Thread: work_mem greater than 2GB issue
Hi everyone, I have a largish table (> 8GB). I'm doing a very simple single group by on. I am the only user of this database. If I set work mem to anything under 2GB (e.g. 1900MB) the postmaster process stops at that value while it's peforming it's group by. There is only one hash operation so that is what I would expect. But anything larger and it eats up all memory until it can't get anymore (around 7.5GB on a 8GB machine). Has anyone experienced anything of this sort before. Cheers
wickro <robwickert@gmail.com> writes: > I have a largish table (> 8GB). I'm doing a very simple single group > by on. I am the only user of this database.
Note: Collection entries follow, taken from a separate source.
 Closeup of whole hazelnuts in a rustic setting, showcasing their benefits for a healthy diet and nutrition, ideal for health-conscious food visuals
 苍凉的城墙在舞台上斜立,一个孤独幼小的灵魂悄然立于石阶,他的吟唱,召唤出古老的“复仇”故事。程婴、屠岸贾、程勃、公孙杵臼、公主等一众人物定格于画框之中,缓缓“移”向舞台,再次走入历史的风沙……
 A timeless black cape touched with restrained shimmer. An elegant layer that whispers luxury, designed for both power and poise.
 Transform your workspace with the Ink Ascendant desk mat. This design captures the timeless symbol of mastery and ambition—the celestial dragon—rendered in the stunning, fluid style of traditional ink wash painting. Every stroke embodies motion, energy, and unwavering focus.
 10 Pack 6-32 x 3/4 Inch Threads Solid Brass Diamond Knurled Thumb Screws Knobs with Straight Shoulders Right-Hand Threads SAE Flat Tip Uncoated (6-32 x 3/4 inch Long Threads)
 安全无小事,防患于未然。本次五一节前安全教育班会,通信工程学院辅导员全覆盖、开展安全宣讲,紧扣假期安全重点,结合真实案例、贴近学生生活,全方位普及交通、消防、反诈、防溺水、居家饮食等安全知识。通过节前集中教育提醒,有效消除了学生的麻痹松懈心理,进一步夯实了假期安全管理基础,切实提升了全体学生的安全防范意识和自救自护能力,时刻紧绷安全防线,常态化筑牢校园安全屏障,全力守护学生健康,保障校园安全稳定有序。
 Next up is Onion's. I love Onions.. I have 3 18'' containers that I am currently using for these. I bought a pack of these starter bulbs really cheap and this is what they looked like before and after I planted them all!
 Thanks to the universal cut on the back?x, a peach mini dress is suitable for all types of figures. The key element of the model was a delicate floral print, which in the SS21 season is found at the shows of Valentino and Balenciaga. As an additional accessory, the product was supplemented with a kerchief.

If I set work mem to > anything under 2GB (e.g. 1900MB) the postmaster process stops at that > value while it's peforming it's group by. There is only one hash > operation so that is what I would expect. But anything larger and it > eats up all memory until it can't get anymore (around 7.5GB on a 8GB > machine). Has anyone experienced anything of this sort before. It's possible that you've found a bug, but you have not provided nearly enough information to let anyone reproduce it for investigation. What Postgres version is this exactly? Is it a 32- or 64-bit build? What is the exact query you're executing, and what does EXPLAIN show as its plan? regards, tom lane
wickro <robwickert@gmail.com> writes: > Hi everyone, > > I have a largish table (> 8GB). I'm doing a very simple single group > by on. I am the only user of this database. If I set work mem to > anything under 2GB (e.g. 1900MB) the postmaster process stops at that > value while it's peforming it's group by. There is only one hash > operation so that is what I would expect. But anything larger and it > eats up all memory until it can't get anymore (around 7.5GB on a 8GB > machine). Has anyone experienced anything of this sort before. What does EXPLAIN say for both cases? I suspect what's happening is that the planner is estimating it will need 2G to has all the values and in fact it would need >8G. So for values under 2G it uses a sort and not a hash at all, for values over 2G it's trying to use a hash and failing. -- Gregory Stark EnterpriseDB http://www.enterprisedb.com Get trained by Bruce Momjian - ask me about EnterpriseDB's PostgreSQL training!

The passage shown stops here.